Goldman Sachs ha messo i riflettori sui campioni di borsa europei con un soprannome particolare: i GRANOLAS.
Il termine è stato ispirato dai Magnifici 7 del mercato statunitense, i giganti tecnologici che guidano Wall Street. Si riferisce a un gruppo selezionato di pesi massimi europei, tra cui GSK, Roche, ASML, Nestlé, Novartis, Novo Nordisk, L’Oréal, LVMH, AstraZeneca, SAP e Sanofi.
Queste aziende, con una capitalizzazione di mercato superiore a 2,6 trilioni di euro, hanno eclissato le prestazioni del mercato azionario europeo nel corso degli anni.
La crescita dei GRANOLAS
I GRANOLAS rappresentano circa un quarto della capitalizzazione di mercato dello STOXX 600 e sono equivalenti alla capitalizzazione di settori come Energia, Risorse di Base, Finanza e Automobili.
Riflettendo sui cambiamenti del mercato europeo, Goldman Sachs ha notato un significativo spostamento dai leader tradizionali del settore, come le Telecomunicazioni e il Petrolio, di due decenni fa, a una vasta gamma di settori oggi.
“Vent’anni fa, all’inizio del 2000, le 10 più grandi aziende in Europa in base alla capitalizzazione di mercato erano tutte società di Telecomunicazioni e Petrolio, ad eccezione di HSBC. Se avanziamo veloci fino alla crisi da Covid, non c’erano banche, compagnie petrolifere o di telecomunicazioni tra le 10 più grandi in Europa”, ha scritto l’analista di Goldman Sachs, Peter Oppenheimer.
Negli ultimi dodici mesi, i GRANOLAS hanno registrato oltre 500 miliardi di euro di ricavi, mostrando un aumento annuo dell’8%.
Hanno conseguito un guadagno medio del 15% nell’ultimo anno, superando il 5% dello STOXX 600 e contribuendo al 60% della crescita complessiva dell’indice.

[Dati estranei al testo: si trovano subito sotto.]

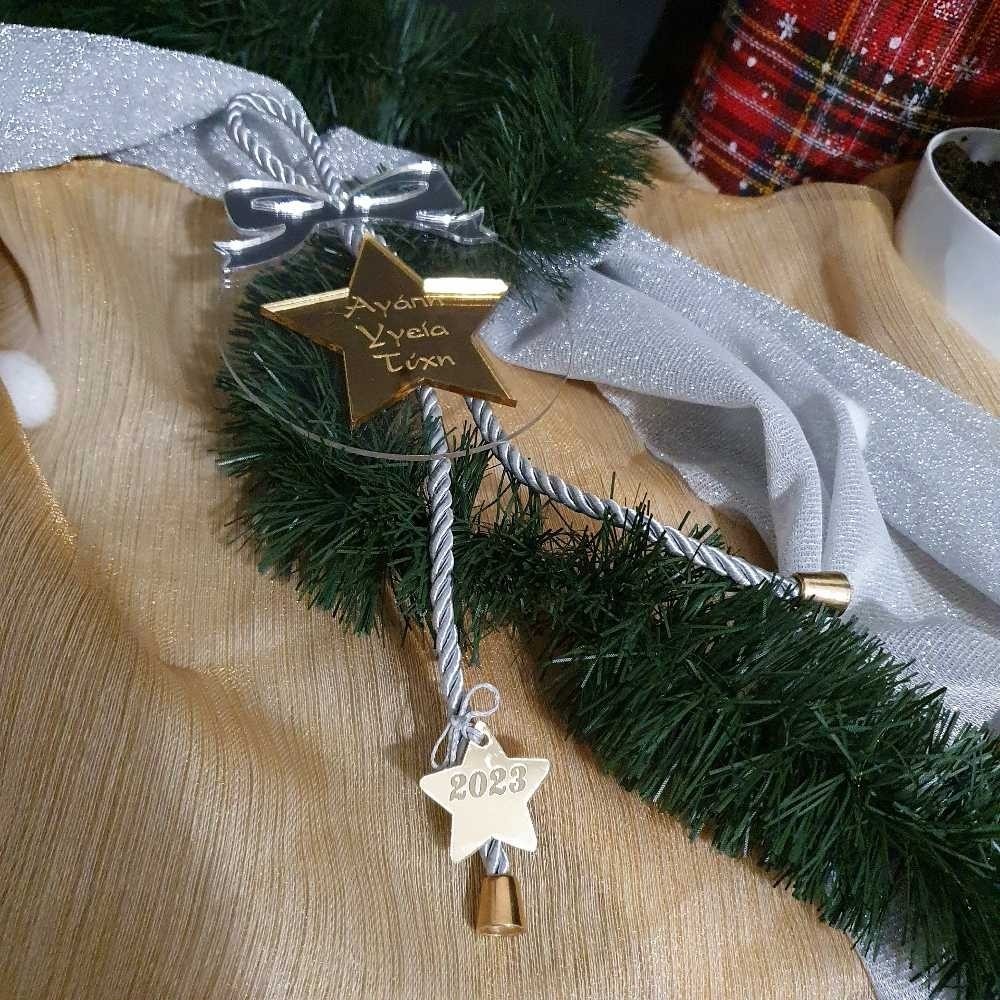 Πρωτότυπο χειροποίητο κρεμαστό γούρι υψηλής αισθητικής φτιαγμένο με πλεξιγκλάς (το φόντο με διάφανο, τα αστεράκια με χρυσό καθρέφτη και ο φιόγκος με ασημί καθρέφτη). Το μεγάλο αστέρι είναι χαραγμένο με τις ευχές "αγάπη, υγεία και τύχη" και το μικρό κρεμαστό αστεράκι είναι χαραγμένο με τη νέα χρονιά. Διακοσμημένο με χοντρό ασημί κορδόνι και μεταλλικές άκρες σε χρυσή απόχρωση!
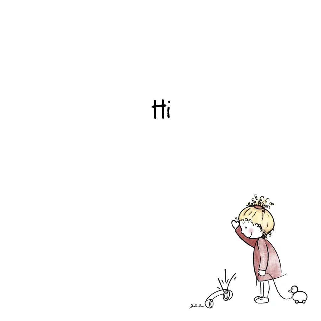 Kinderkaart om zomaar te versturen. Deze wenskaart heeft een tekening van een lief meisje dat zwaait naar de telefoon. Je kunt de tekst "Hi" naar wens aanpassen.

Meno ’costosi’ dei Magnifici 7
Attualmente, i GRANOLAS sono scambiati a un rapporto prezzo-utile (P/E) di 20x. Nonostante siano negoziati a un premio rispetto ai mercati europei, questo è normale per le aziende in crescita e rappresenta uno sconto del 30% rispetto ai ’Magnificent Seven’ degli Stati Uniti, che sono scambiati a un P/E di 30x.
“I GRANOLAS si concentrano sulla creazione di valore per gli azionisti e pagano un dividendo relativamente alto”, ha scritto Goldman Sachs.
Con un rendimento medio del dividendo del 2,5%, i GRANOLAS superano significativamente il rendimento dell’S&P 500 del 1,5% e superano di gran lunga lo 0,3% dei Magnifici 7.
Le previsioni concordi prevedono una crescita robusta per questi compositori, con un tasso di crescita annuo composto (CAGR) dei ricavi previsto del 7% fino al 2025.
Lo scenario
I GRANOLAS si muovono su alcuni dei temi strutturali più promettenti, come l’invecchiamento della popolazione, gli avanzamenti nell’IA e nella robotica e l’ESG (Ambiente, Sociale e Governance). Brillano con i loro cospicui dividendi, solide prospettive di crescita e vasta portata internazionale.
Tuttavia, le loro fortune non sono senza rischi.
Con meno del 20% dei ricavi provenienti dall’Europa, i loro destini sono legati alle dinamiche dei mercati globali. Le fluttuazioni delle valute, in particolare un euro più forte, potrebbero colpire i GRANOLAS più di altre azioni europee nazionali e di piccola capitalizzazione.
Una esposizione di mercato del 37% all’economia statunitense introduce rischi tariffari, specialmente se una presidenza repubblicana a favore del protezionismo guidata da Donald Trump vince le elezioni.
Tuttavia, con consistenti asset basati negli Stati Uniti, Goldman ritiene che i GRANOLAS possano resistere a tali incertezze. L’ampia esposizione al mercato cinese da parte di LVMH, L’Oréal e ASML aggiunge del rischio all’investimento a causa delle tensioni geopolitiche tra Europa e Cina.
Una elevata concentrazione in poche azioni potrebbe portare a una brusca correzione se il sentiment di mercato dovesse cambiare.